TASK STATEMENT —
Write out the records that appear below, verbatim and complete, but without pictures.

MATERIAL SHOWN —
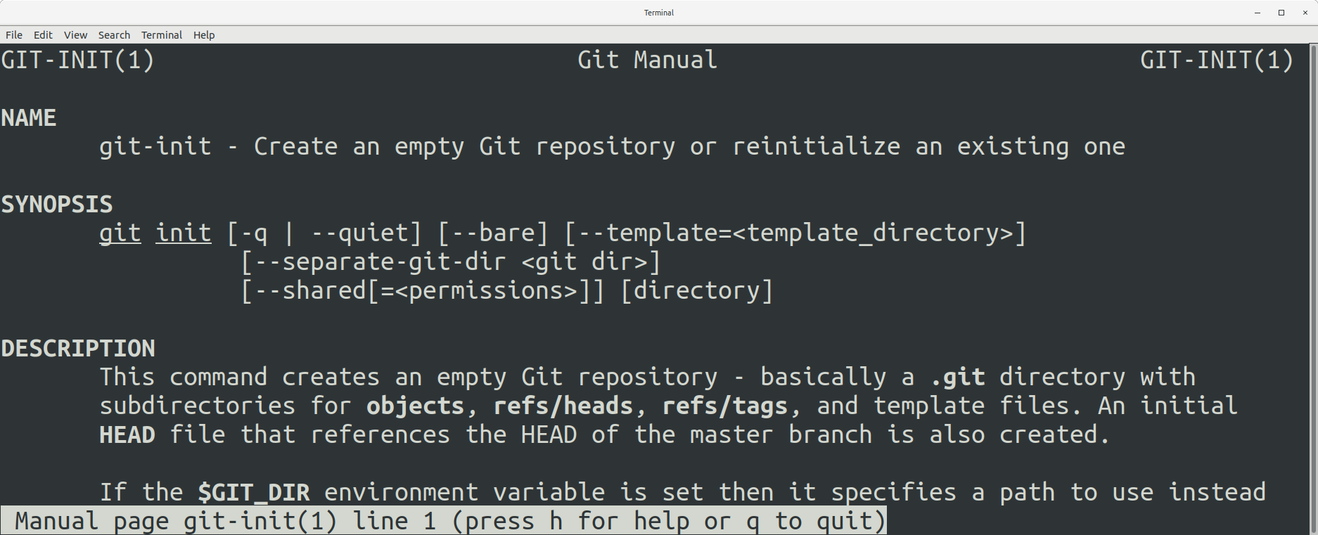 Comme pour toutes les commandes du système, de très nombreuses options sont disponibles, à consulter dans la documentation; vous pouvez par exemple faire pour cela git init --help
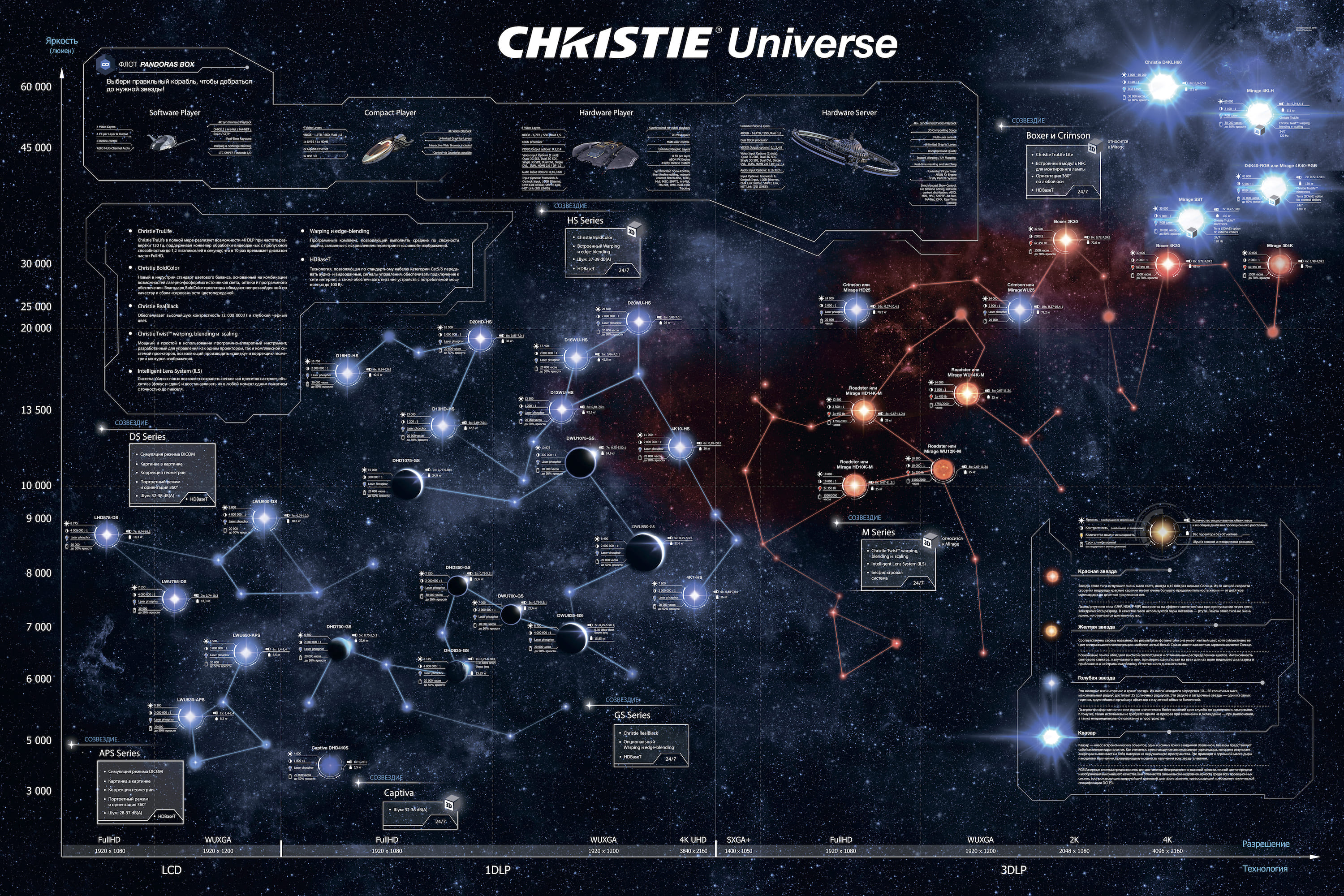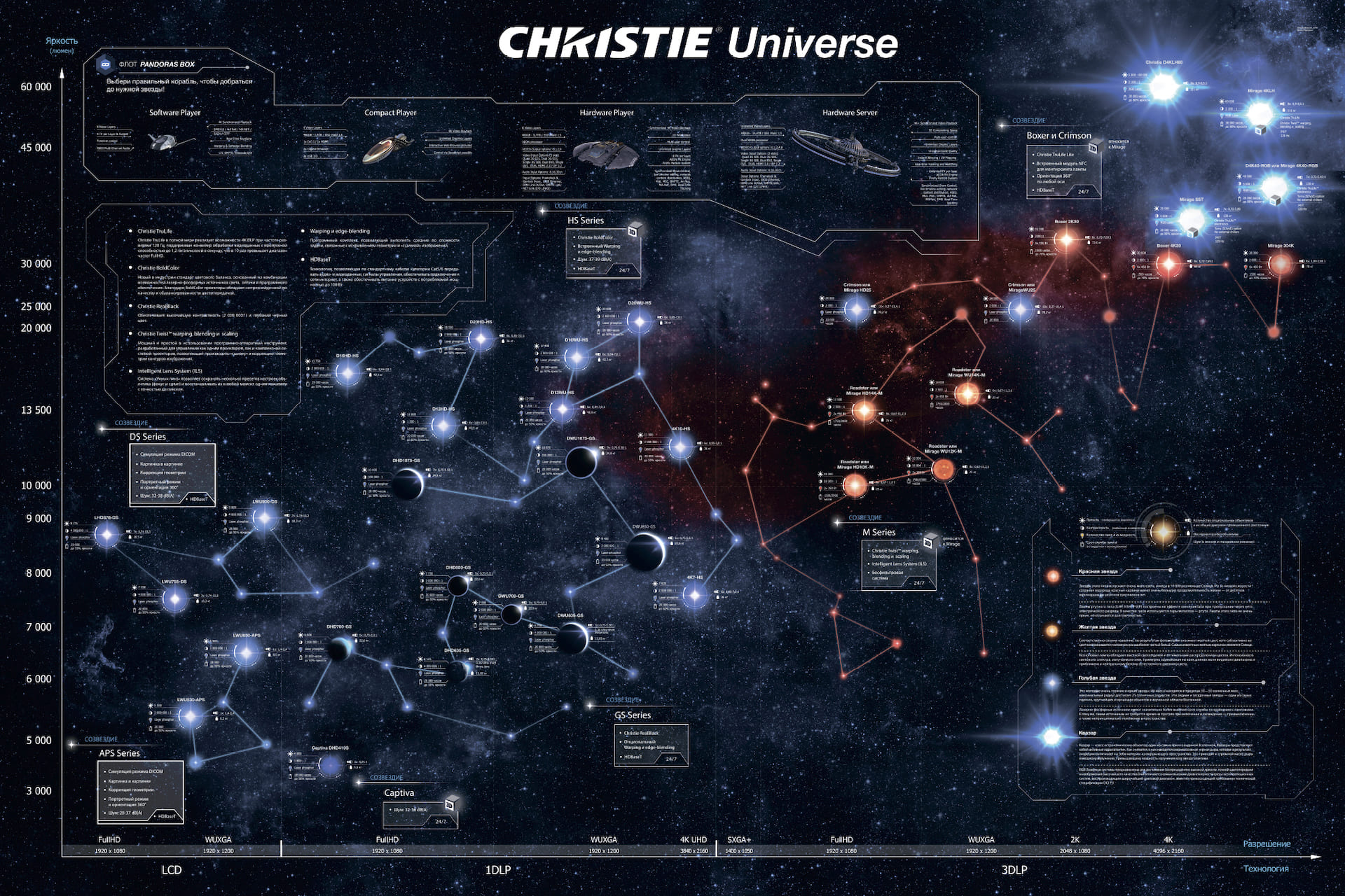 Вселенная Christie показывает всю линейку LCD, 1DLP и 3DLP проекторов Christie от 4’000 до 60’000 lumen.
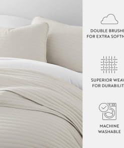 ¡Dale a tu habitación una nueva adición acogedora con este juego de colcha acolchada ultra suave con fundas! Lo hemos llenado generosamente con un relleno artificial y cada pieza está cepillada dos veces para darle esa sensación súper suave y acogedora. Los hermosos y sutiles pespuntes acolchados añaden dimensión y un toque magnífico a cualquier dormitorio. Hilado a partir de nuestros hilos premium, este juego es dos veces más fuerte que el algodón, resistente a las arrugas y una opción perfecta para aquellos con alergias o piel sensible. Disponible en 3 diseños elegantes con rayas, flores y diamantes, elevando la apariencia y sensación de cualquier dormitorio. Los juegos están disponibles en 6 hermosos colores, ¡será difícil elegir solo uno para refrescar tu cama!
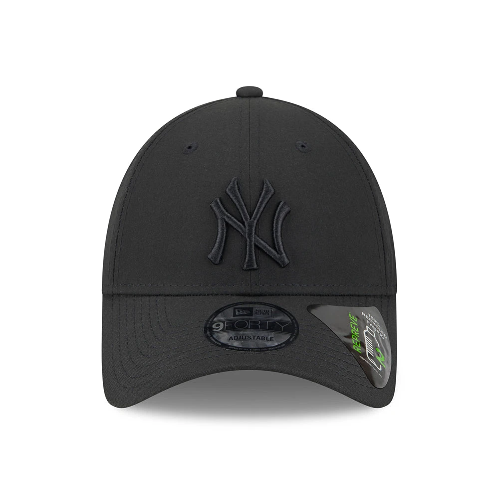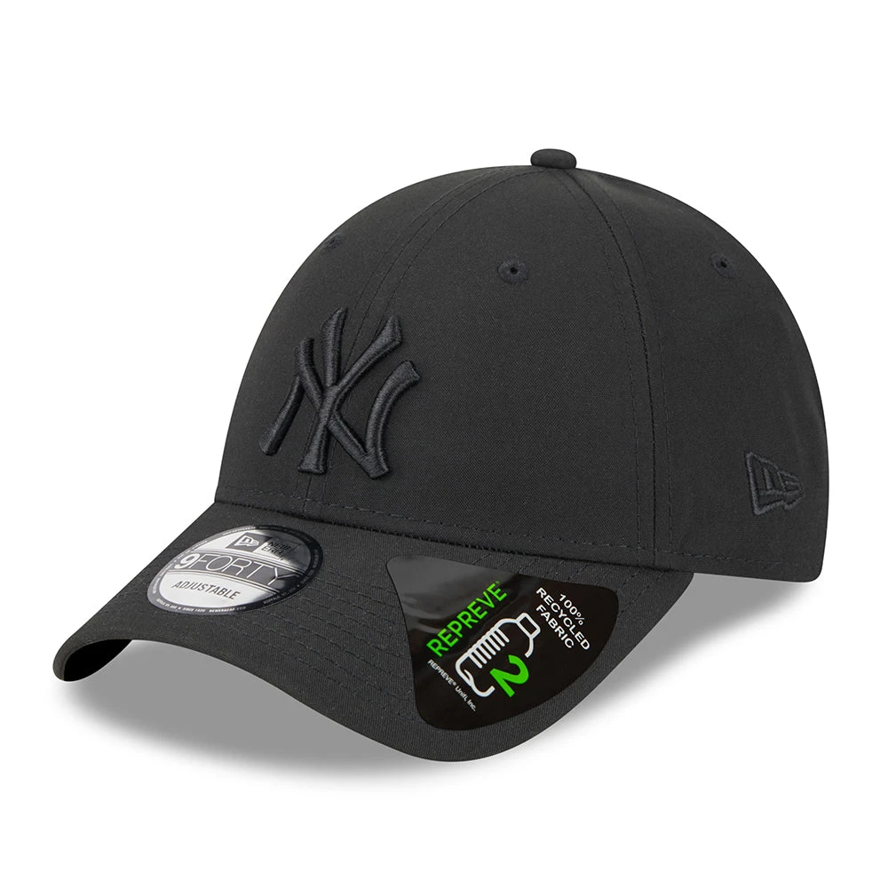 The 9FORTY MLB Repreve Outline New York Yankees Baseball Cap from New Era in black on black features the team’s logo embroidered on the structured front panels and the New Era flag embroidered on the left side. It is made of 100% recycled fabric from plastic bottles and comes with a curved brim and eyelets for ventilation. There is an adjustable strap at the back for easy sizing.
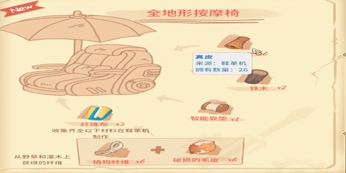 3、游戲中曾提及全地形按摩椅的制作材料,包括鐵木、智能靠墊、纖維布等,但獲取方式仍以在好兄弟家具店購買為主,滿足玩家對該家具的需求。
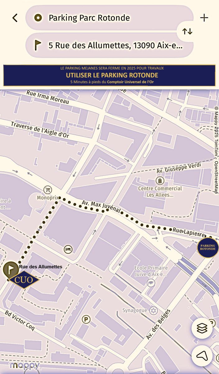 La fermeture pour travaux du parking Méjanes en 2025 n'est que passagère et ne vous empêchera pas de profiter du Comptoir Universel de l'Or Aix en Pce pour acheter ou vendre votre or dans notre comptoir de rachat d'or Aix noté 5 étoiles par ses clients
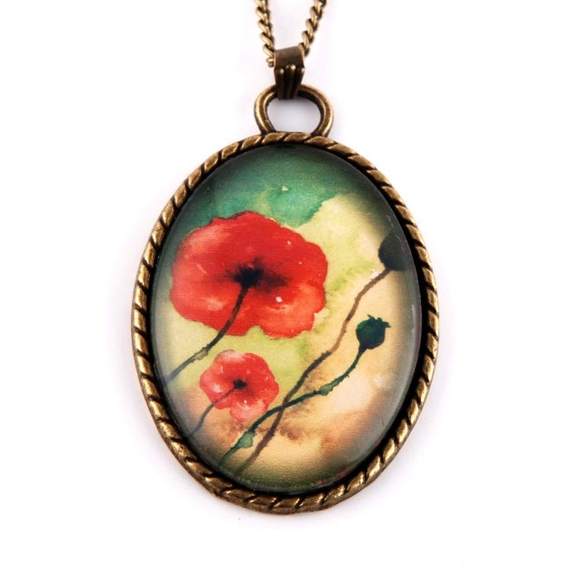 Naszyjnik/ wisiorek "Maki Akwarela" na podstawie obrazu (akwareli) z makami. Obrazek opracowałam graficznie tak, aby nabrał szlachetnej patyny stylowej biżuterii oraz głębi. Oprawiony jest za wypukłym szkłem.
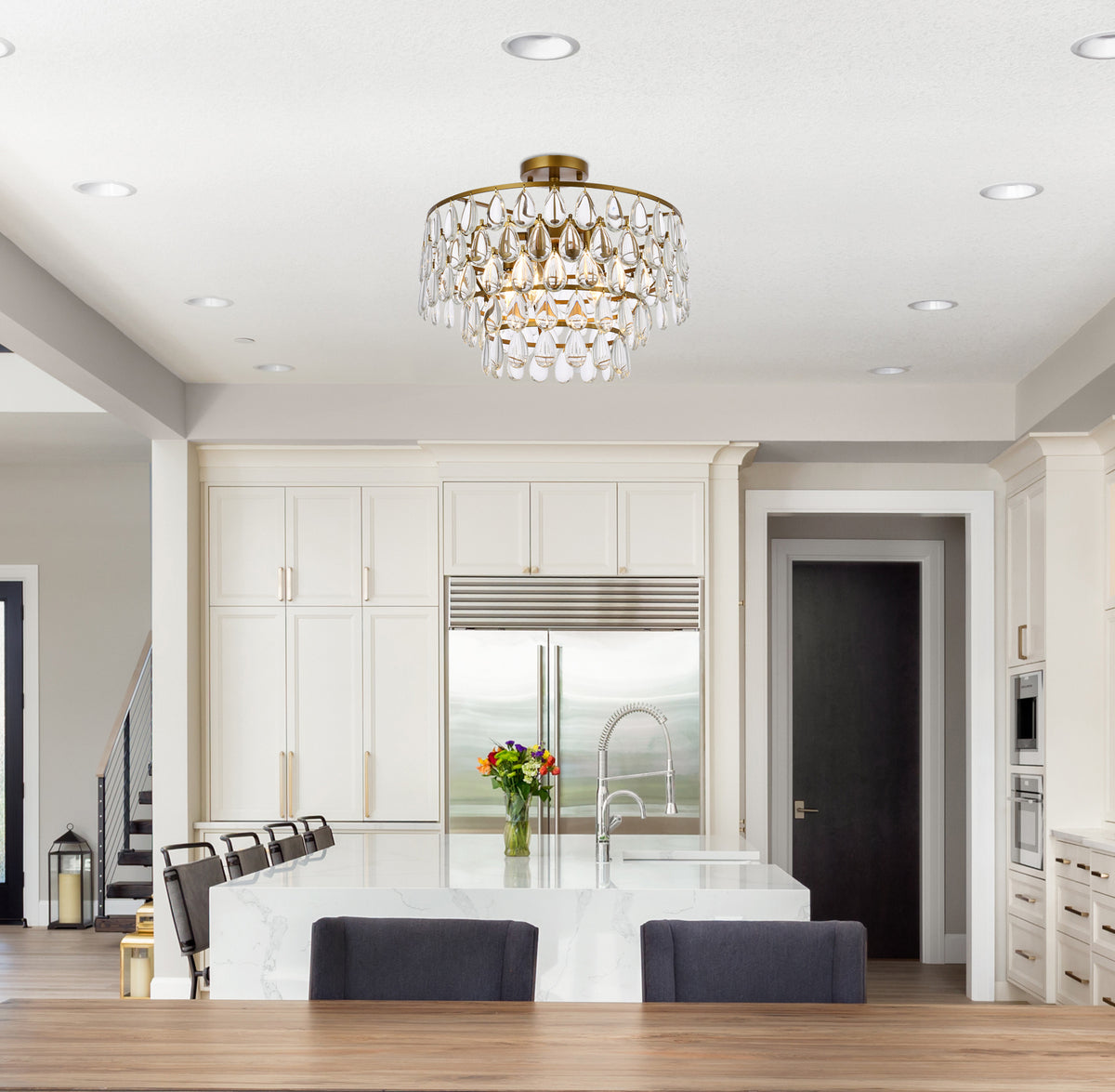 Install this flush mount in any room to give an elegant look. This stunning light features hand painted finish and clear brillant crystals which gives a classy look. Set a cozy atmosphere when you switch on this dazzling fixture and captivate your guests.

RESULT OF THIS TASK —
 Comme pour toutes les commandes du système, de très nombreuses options sont disponibles, à consulter dans la documentation; vous pouvez par exemple faire pour cela git init --help
 Вселенная Christie показывает всю линейку LCD, 1DLP и 3DLP проекторов Christie от 4’000 до 60’000 lumen.
 ¡Dale a tu habitación una nueva adición acogedora con este juego de colcha acolchada ultra suave con fundas! Lo hemos llenado generosamente con un relleno artificial y cada pieza está cepillada dos veces para darle esa sensación súper suave y acogedora. Los hermosos y sutiles pespuntes acolchados añaden dimensión y un toque magnífico a cualquier dormitorio. Hilado a partir de nuestros hilos premium, este juego es dos veces más fuerte que el algodón, resistente a las arrugas y una opción perfecta para aquellos con alergias o piel sensible. Disponible en 3 diseños elegantes con rayas, flores y diamantes, elevando la apariencia y sensación de cualquier dormitorio. Los juegos están disponibles en 6 hermosos colores, ¡será difícil elegir solo uno para refrescar tu cama!
 The 9FORTY MLB Repreve Outline New York Yankees Baseball Cap from New Era in black on black features the team’s logo embroidered on the structured front panels and the New Era flag embroidered on the left side. It is made of 100% recycled fabric from plastic bottles and comes with a curved brim and eyelets for ventilation. There is an adjustable strap at the back for easy sizing.
 3、游戲中曾提及全地形按摩椅的制作材料,包括鐵木、智能靠墊、纖維布等,但獲取方式仍以在好兄弟家具店購買為主,滿足玩家對該家具的需求。
 La fermeture pour travaux du parking Méjanes en 2025 n'est que passagère et ne vous empêchera pas de profiter du Comptoir Universel de l'Or Aix en Pce pour acheter ou vendre votre or dans notre comptoir de rachat d'or Aix noté 5 étoiles par ses clients
 Naszyjnik/ wisiorek "Maki Akwarela" na podstawie obrazu (akwareli) z makami. Obrazek opracowałam graficznie tak, aby nabrał szlachetnej patyny stylowej biżuterii oraz głębi. Oprawiony jest za wypukłym szkłem.
 Install this flush mount in any room to give an elegant look. This stunning light features hand painted finish and clear brillant crystals which gives a classy look. Set a cozy atmosphere when you switch on this dazzling fixture and captivate your guests.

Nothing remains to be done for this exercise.